The mammalian orthologue of Ecdysoneless (ECD) protein is required for embryogenesis, cell cycle progression, and mitigation of ER stress. Here, we identified key components of the mRNA export complexes as binding partners of ECD and characterized the functional interaction of ECD with key mRNA export-related DEAD BOX protein helicase DDX39A. We find that ECD is involved in RNA export through its interaction with DDX39A. ECD knockdown (KD) blocks mRNA export from the nucleus to the cytoplasm, which is rescued by expression of full length ECD but not ECD mutant that is defective in interaction with DDX39A. We have previously shown that ECD protein is overexpressed in ErbB2+ breast cancers (BC). In this study, we extended the analyses to two publically available BC mRNA TCGA and METABRIC data sets. In both dataset, ECD mRNA overexpression correlated with short patient survival, specifically ErbB2+ BC. In METABRIC dataset ECD overexpression also correlated with poor patient survival in TNBC . Further, ECD KD in ErbB2+BC cells led to a decrease in ErbB2 mRNA level due to a block in its nuclear export, and was associated with impairment of oncogenic traits. These findings provide a novel mechanistic insight into physiological and pathological function of ECD.

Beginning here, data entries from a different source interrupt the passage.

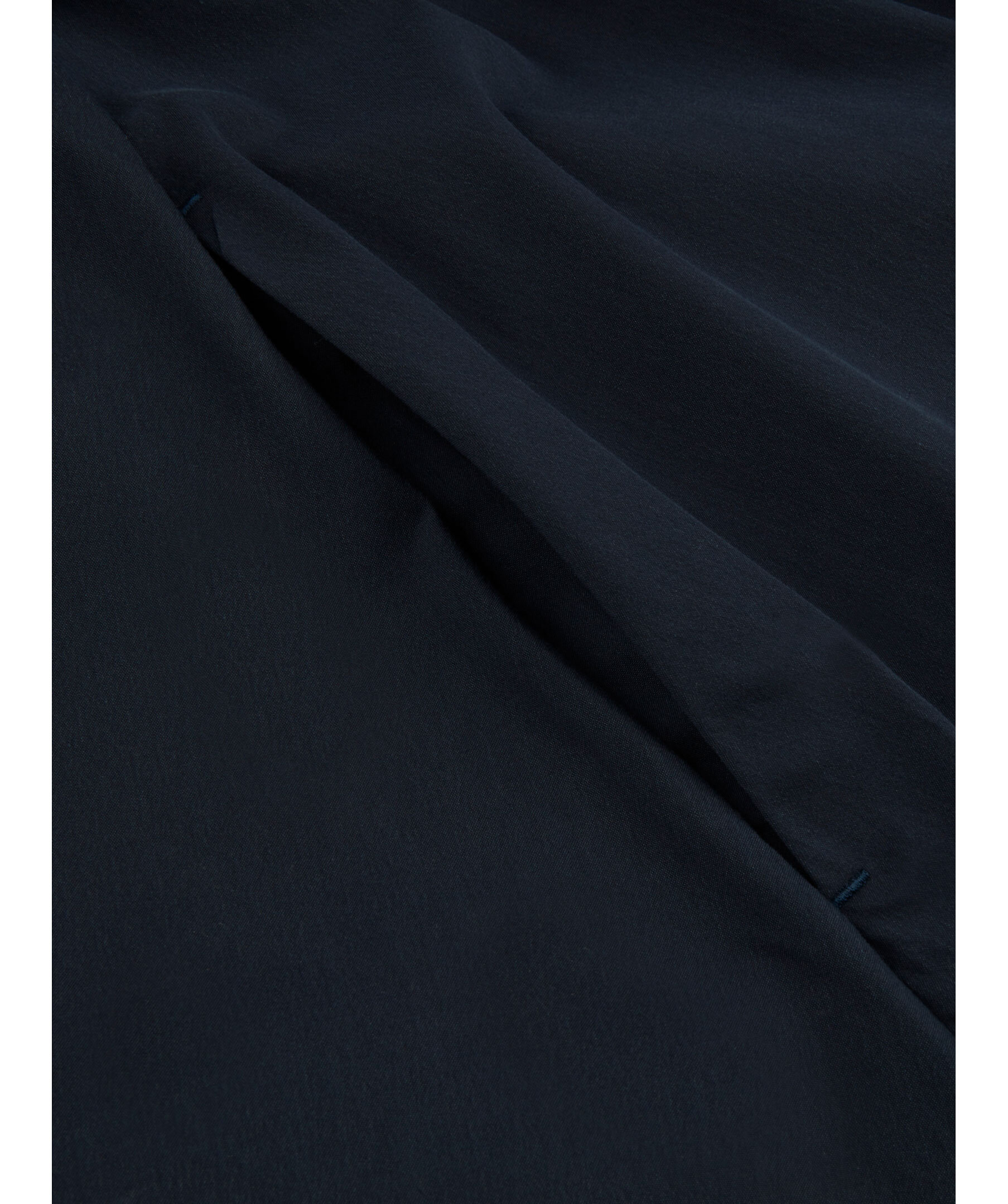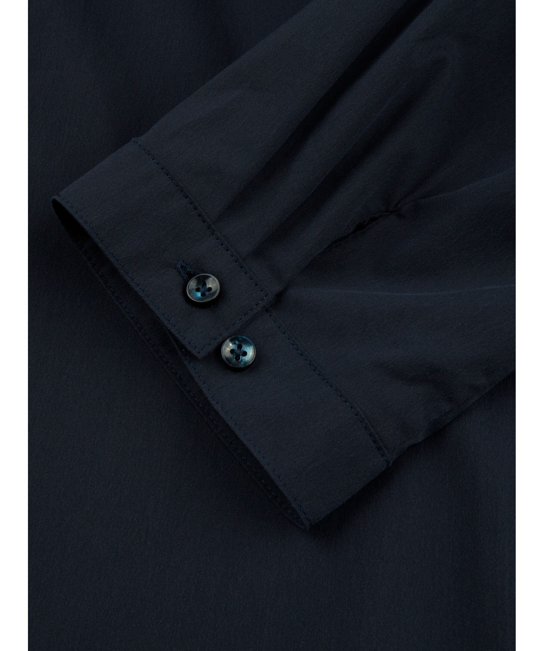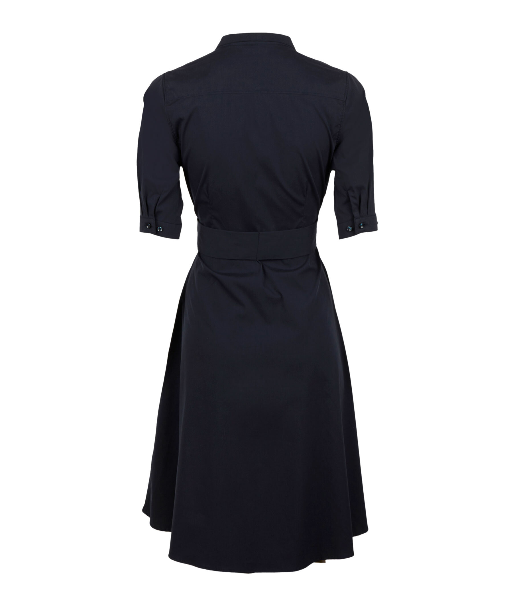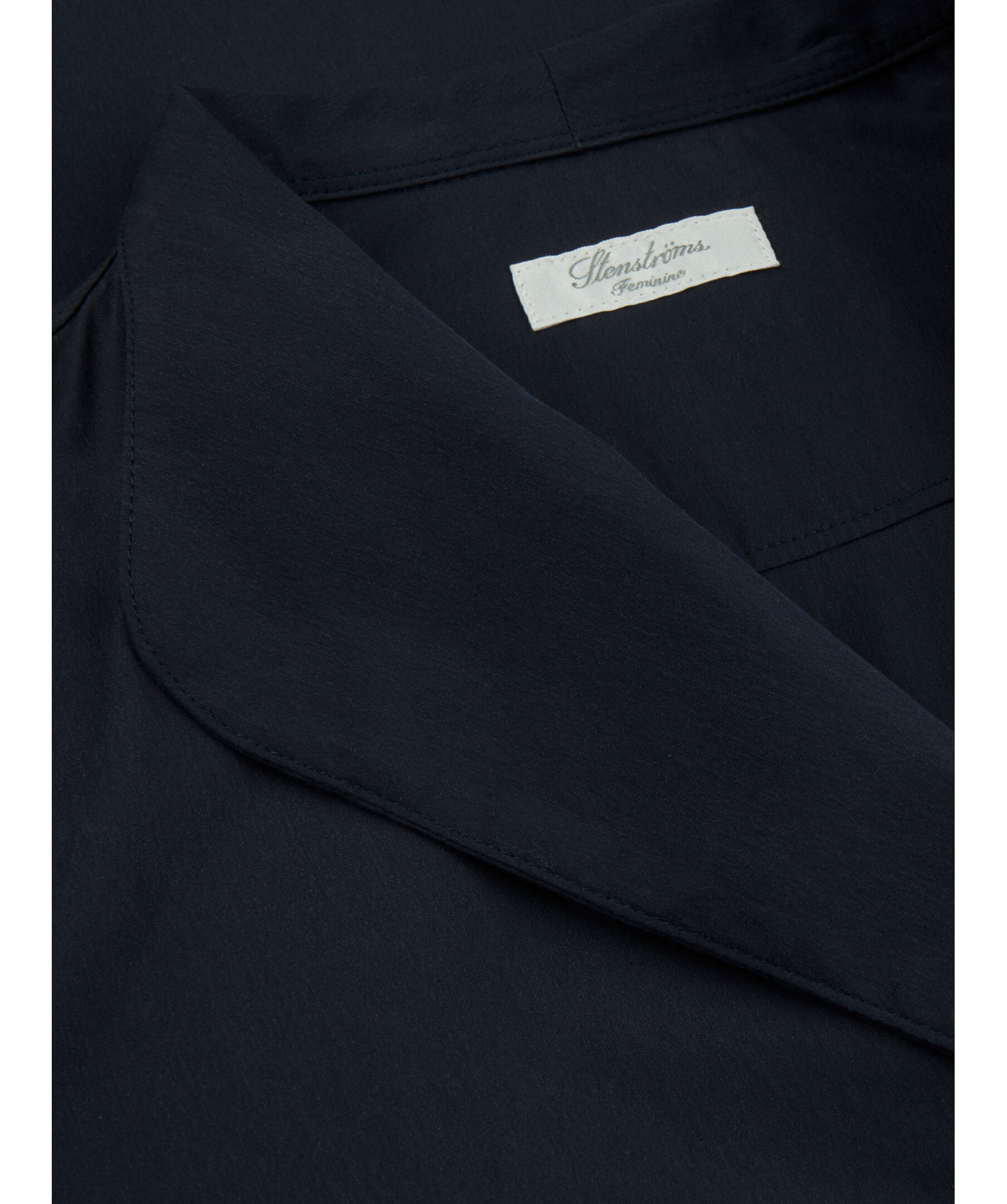 Marinblå klänning från Stenströms. Tillverkad i en bomull- och polyamidblandning. Klänningen har gömda tryckknappar, ett bälte i midjan, kavajkrage och korta ärmar. Dubbel manschett.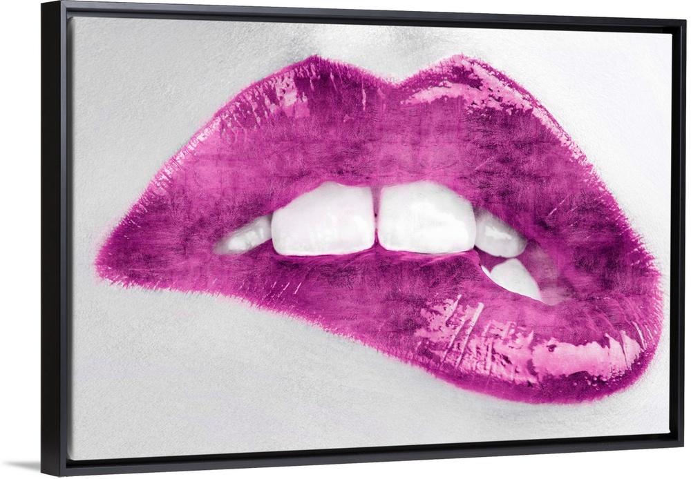 <p>Close up of a woman biting her lip with bright pink lipstick</p>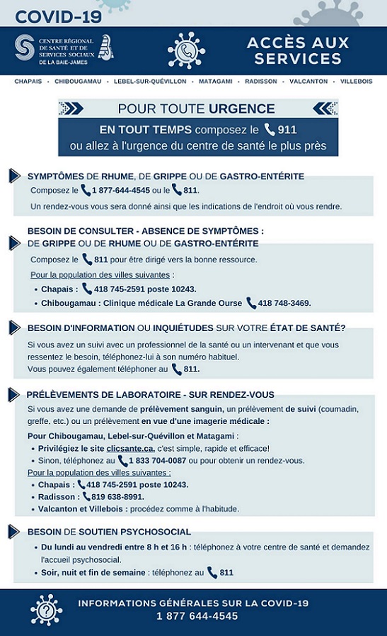 Vous voulez de l'information sur nos services habituels et les services psychosociaux offerts? Cliquez ici.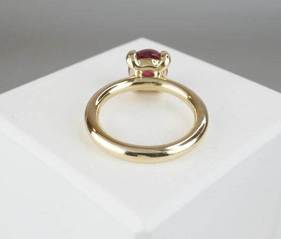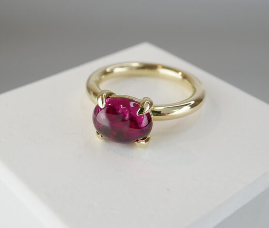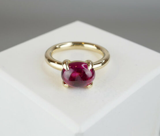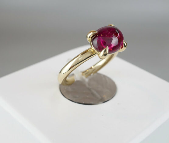 Geen edelsteen heeft een kleurenrijkdom als toermalijn. Echte, intensief rode toermalijn is het meest gewild in de wereld van sieraden. Toermalijn komt voor in verschillende kleuren, maar alleen bij de rode en groene variant is de lichtstreep scherp. Rode toermalijn staat voor energie, levenslust en passie. Het mooie van deze edelsteen is dat het een sterke indruk maakt en de drager siert. Draag deze schitterende geel gouden ring met bijzondere edelsteen. De steen heeft een glasachtige glans in deze ring en deze prachtige steen fonkelt schitterend in het zonlicht. Het woord ‘toermalijn’ betekent ‘edelsteen met verschillende kleuren’. Het is al eeuwenoud een gewaardeerde steen vanwege zijn kleurenvariatie.

哺乳动物的Ecdysoneless（ECD）直系同源物是胚胎发生，细胞周期进程和缓解ER应激所必需的。在这里，我们确定了mRNA出口复合物的关键成分作为ECD的结合伴侣，并表征了ECD与mRNA出口相关的DEAD BOX蛋白解旋酶DDX39A的功能相互作用。我们发现ECD通过与DDX39A的相互作用而参与RNA的输出。ECD敲低（KD）阻止了mRNA从细胞核到细胞质的输出，这可以通过表达全长ECD来挽救，但不能通过与DDX39A相互作用而受损的ECD突变体来挽救。先前我们已经证明ECD蛋白在ErbB2 +乳腺癌（BC）中过表达。在这项研究中，我们将分析扩展到两个公开可用的BC mRNA TCGA和METABRIC数据集。在两个数据集中，ECD mRNA的过表达与患者的短期生存有关，特别是与ErbB2 + BC有关。在METABRIC数据集中，ECD的过表达也与TNBC患者的生存不良有关。此外，由于其核输出受阻，ErbB2 + BC细胞中的ECD KD导致ErbB2 mRNA水平降低，并与致癌性状受损有关。这些发现为ECD的生理和病理功能提供了一种新颖的机制性见解。